Aim for ≥ 80 % line coverage on changed lines. The CI coverage diff job reports the per-file delta; hovering coverage at 79 % blocks merge.

Layout rule of thumb

Unit: the function under test takes no database, no HTTP, no Celery. Mock at the boundary.
Integration: the route is exercised end-to-end via FastAPI TestClient, with a real PostgreSQL via pytest-testcontainers. No mocking of SQLAlchemy.
E2E (backend): drives the API as a black box using HTTPX, with the worker actually running in another fixture. Used sparingly — Playwright is the primary E2E.

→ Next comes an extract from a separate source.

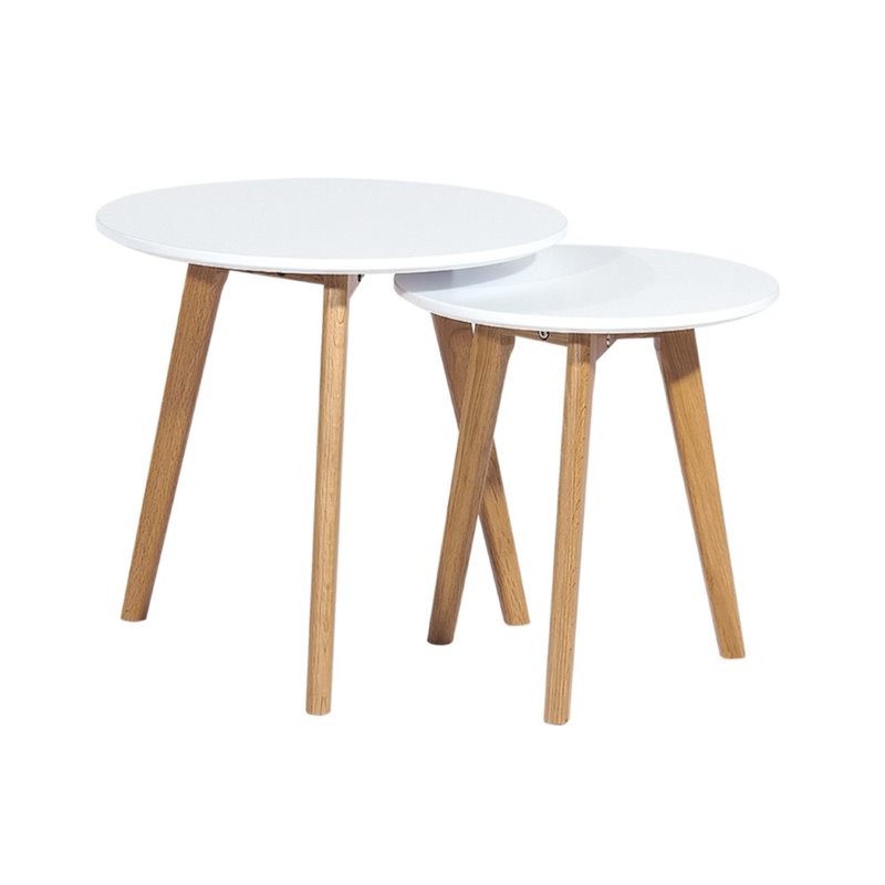 Small table is 16 Inches by 16 Inches by 16 InchesFinish: OakMaterial: OakSolid Oak Legs in Natural FinishMarble Like Finish Table Tops2-Pack Nesting TablesUp to 1 Year WarrantySpecifications:Large Size: 18 H x 20 W x 20 DSmall Size: 16 H x 16 W x 16 DProduct Weight: 17 lbs

Frontend — Playwright with the `PortalPage` harness

apps/frontend/tests/_harness/PortalPage.ts defines a domain-language Page Object. Test code never calls page.click(...) directly.

Why the harness

Tests phrased in domain verbs survive UI churn. The same scenario reads:

// ❌ brittle — breaks when the modal markup changes
await page.click("button:has-text('New API key')");
await page.fill("input[name='label']", "ci-runner");
await page.click("button:has-text('Create')");

// ✅ stable — speaks the product's language
await portal.createApiKey({ label: "ci-runner", scope: "team", expiryDays: 90 });

Add a verb to the harness

When you add a new screen or a new flow, add a verb to PortalPage first, then write the scenario:

// apps/frontend/tests/_harness/PortalPage.ts
async createApiKey(opts: { label: string; scope: ApiKeyScope; expiryDays: number }) {
  await this.page.getByRole("button", { name: "New API key" }).click();
  await this.page.getByLabel("Label").fill(opts.label);
  await this.page.getByLabel("Scope").selectOption(opts.scope);
  await this.page.getByLabel("Expiry").selectOption(`${opts.expiryDays}d`);
  await this.page.getByRole("button", { name: "Create" }).click();
  return this.captureKeyFromOneTimeRevealModal();
}

The harness has ~17 verbs today; a contributor reading PortalPage.ts should be able to retell the product's user journey.

Run

cd apps/frontend
npm run test:e2e          # all scenarios
npm run test:e2e -- --grep "api keys"   # filtered
npm run test:e2e:headed   # visible browser, useful when debugging

The dev stack must be up (docker-compose -f docker-compose.dev.yml up -d) before E2E runs.

Adversarial input — parametrize is mandatory

Any code that parses untrusted input must be exercised against a parametrized matrix of adversarial cases. The portal has been bitten by this before — chore PR #7's recursive normalize_spdx_id was 88 % covered and still admitted a DoS via separator-only tokens.

Surfaces in scope

Registry metadata parsers (packages/, npm, pypi, cargo, go.mod).
Webhook URL / payload parsers (GitHub, GitLab, Slack, Teams).
SPDX / CycloneDX expression normalisers.
OAuth state and code parsers.
Anywhere user content is interpolated into a regex, a path, or a shell.

The matrix

For each surface, parametrize over at minimum these adversarial inputs:

Class	Examples
Separator-only tokens	`"AND"`, `"OR"`, `"WITH"`, `"OR OR OR"`, `" "`
Scheme abuse	`"javascript:alert(1)"`, `"file:///etc/passwd"`, `"data:text/html,..."`
Oversized	1 MiB string, 65 535 nested parens, 10 000-char URL
Control bytes	CRLF (`"\r\n"`), null byte (`"\x00"`), BOM (`""`)
Unicode tricks	RTL override (`"‮"`), homoglyph (`"аpple"` Cyrillic), zero-width (`""`)
Empty / whitespace	`""`, `" "`, `"\t\n"`

Use pytest.mark.parametrize and label each case so failure messages are diagnostic:

@pytest.mark.parametrize(
    "raw,expected",
    [
        pytest.param("MIT AND Apache-2.0", ["MIT", "Apache-2.0"], id="happy-path"),
        pytest.param("AND", [], id="separator-only-token"),
        pytest.param("javascript:alert(1)", [], id="scheme-abuse"),
        pytest.param("(" * 10_000 + "MIT" + ")" * 10_000, ["MIT"], id="deep-nesting"),
        pytest.param("MIT\r\nApache-2.0", ["MIT", "Apache-2.0"], id="crlf-injection"),
        pytest.param("MIT\x00Apache-2.0", ["MIT"], id="null-byte"),
    ],
)
def test_normalize_spdx_id(raw: str, expected: list[str]) -> None:
    assert normalize_spdx_id(raw) == expected

Adversarial parametrize is not a substitute for fuzzing — it complements it. We rely on parametrize for regression-pinning the cases we already know about.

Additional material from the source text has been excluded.